Oil and water drive display

January 26/February 2, 2005

Researchers from Extreme Photonix and the University of Cincinnati have combined water and oil in a technology that promises bright, energy-efficient displays.

The researchers' prototype is a combination of the researchers' previously developed lightwave coupling technology, which channels violet light from within a sheet of plastic or pane of glass to individual pixels, and an electrowetting device that turns each pixel on and off.

The electrowetting device contains water and oil that compete for placement on a surface. The surface is hydrophobic, or water repellent, which leaves the oil covering the surface. This is the pixels' "on" state.
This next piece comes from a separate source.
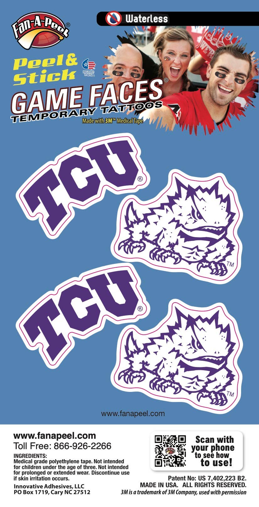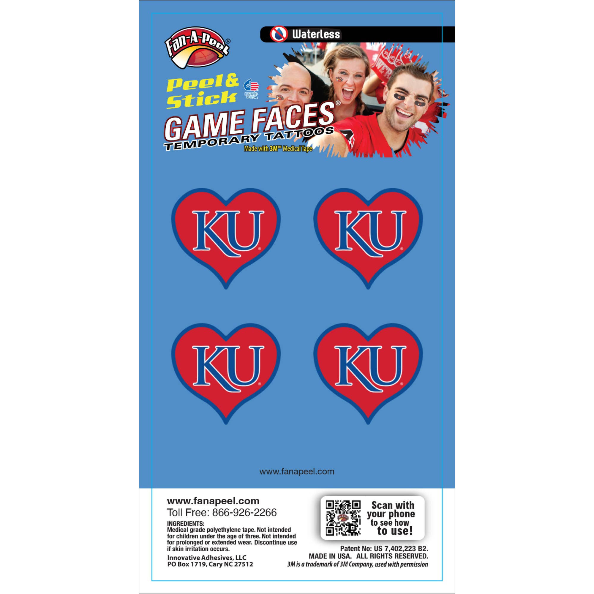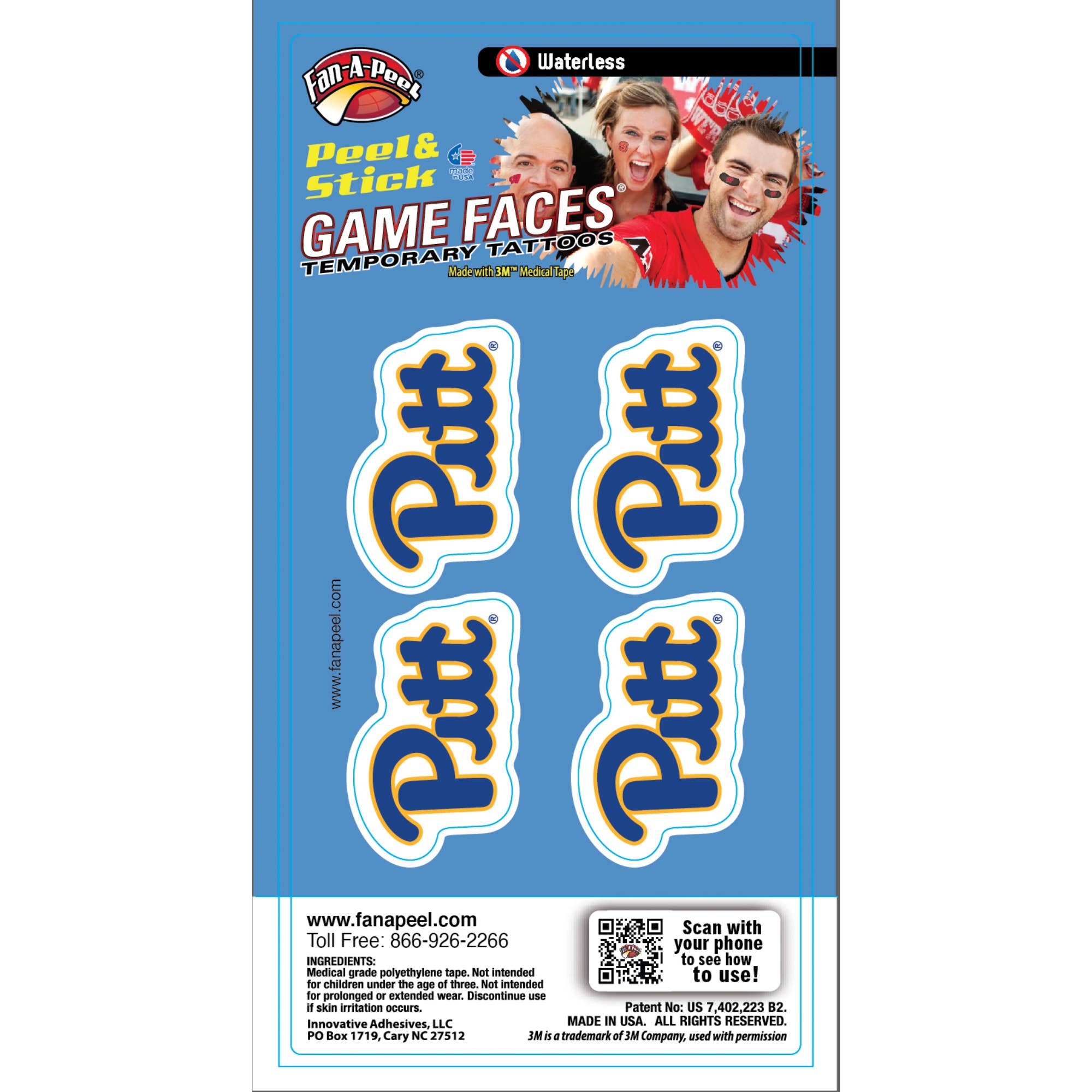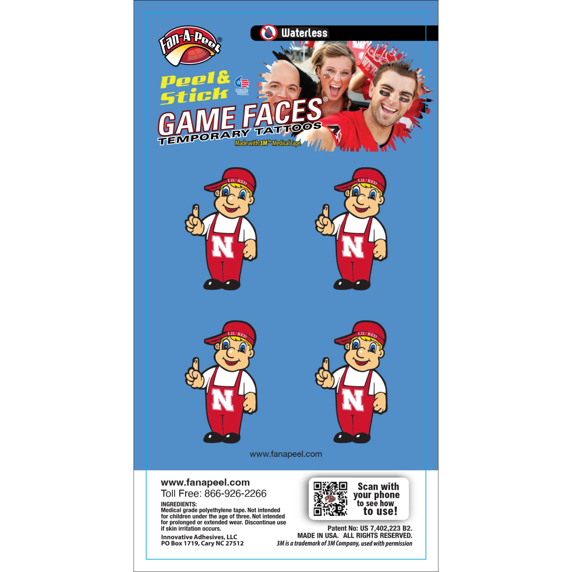Fan-A-Peel / Gamefaces have long been a staple in the sporting world. First introduced over 25 years ago as a water applied tattoo in collegiate sports has now evolved into a fashion statement for fans, cheerleaders and players. Our products have embraced the fashion trends as well as impulse buy and immediate use by introducing several years ago a tattoo that can be used without water and used on most any surface. As the inventor and patent holder for peel & stick temporary tattoos we have revolutionized the market and made it easier to anyone to wear and remove their "GameFace" at will. We utilize the safest 3M Medical adhesives in our products and have expanded our lines to include metallic and glitter. A game day doesn't go by without seeing our products on TV, print and in the stands. In addition to our mantra for safety and convenance we have embraced sustainability by only using recycled materials in our packaging. All we want is for you to have fun and "put your gameface on"!!

Applying a voltage to the surface attracts the water, which displaces the oil to turn the pixel off. The pixel can switch on or off in ten thousandths of a second, which is fast enough for video.
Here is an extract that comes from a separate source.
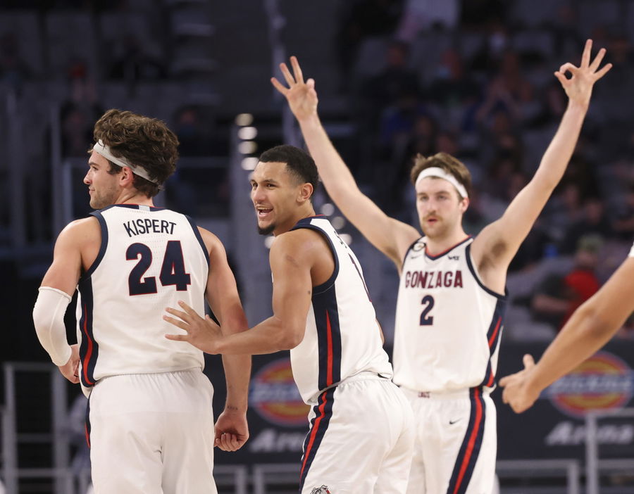 Dec 26, 2020; Fort Worth, Texas, USA; Gonzaga Bulldogs forward Corey Kispert (24) celebrates with guard Jalen Suggs (1) and forward Drew Timme (2) during the second half against the Virginia Cavaliers at Dickies Arena. Mandatory Credit: Kevin Jairaj-USA TODAY Sports
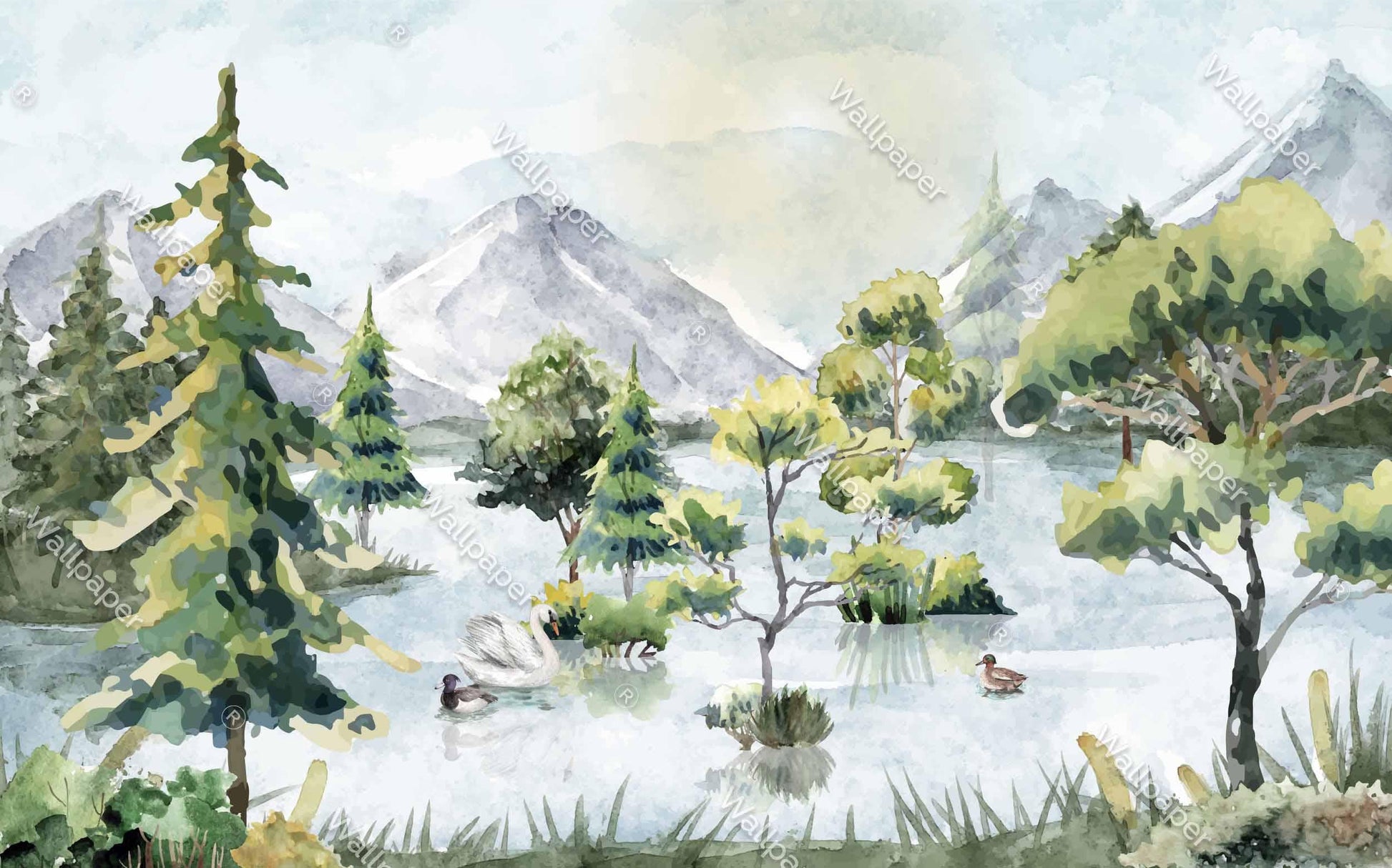 Trees By The Lake Wallpaper, Tual Wallpaper, Nature Mural, Painting Wallpaper, Peel and Stick Wallpaper, Watercolor Green and Blue Wallpaper

The oil film contains lumophores, or organic molecules, that emit red, green and blue light when they absorb violet light provided by light-emitting diodes.
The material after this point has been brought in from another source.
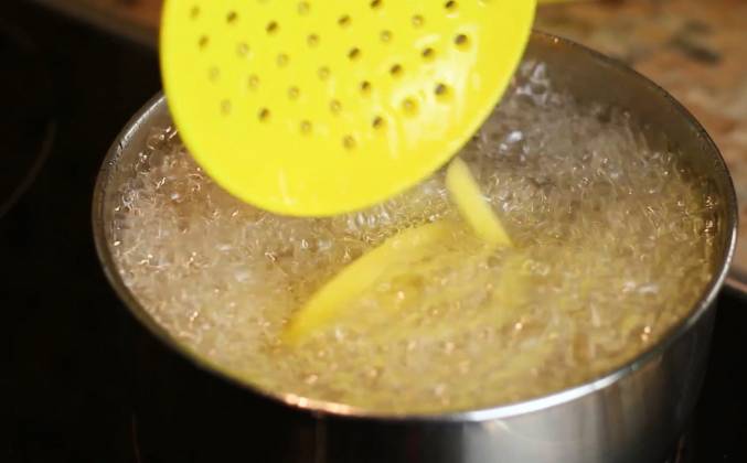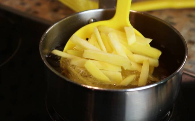 2. Для чего мы замораживаем картофель? Это все для того, чтобы как раз таки получить хрустящую корочку и мягкость внутри. Если мы не будем замораживать и кинем сразу в кипящее масло, то получим мягкий картофель, и уже никакой картошки фри у нас не получится! Поэтому, товарищи, замораживаем и жарим! В небольшую кастрюльку наливаем растительное масло, наливаем не до самых краев, чтобы нас не обстреляло сильно кипящим маслом! это не очень приятно!

The method could be used in signs, to make bright energy-efficient displays in cell phones, handheld computers and laptops, and eventually in screens designed to provide a lower-cost alternative to high-definition television.

The researchers method could be used in signs within two years. The method could be used in practical computer displays in five to ten years, according to the researchers. The work appeared in the January 3, 2005 issue of Applied Physics Letters.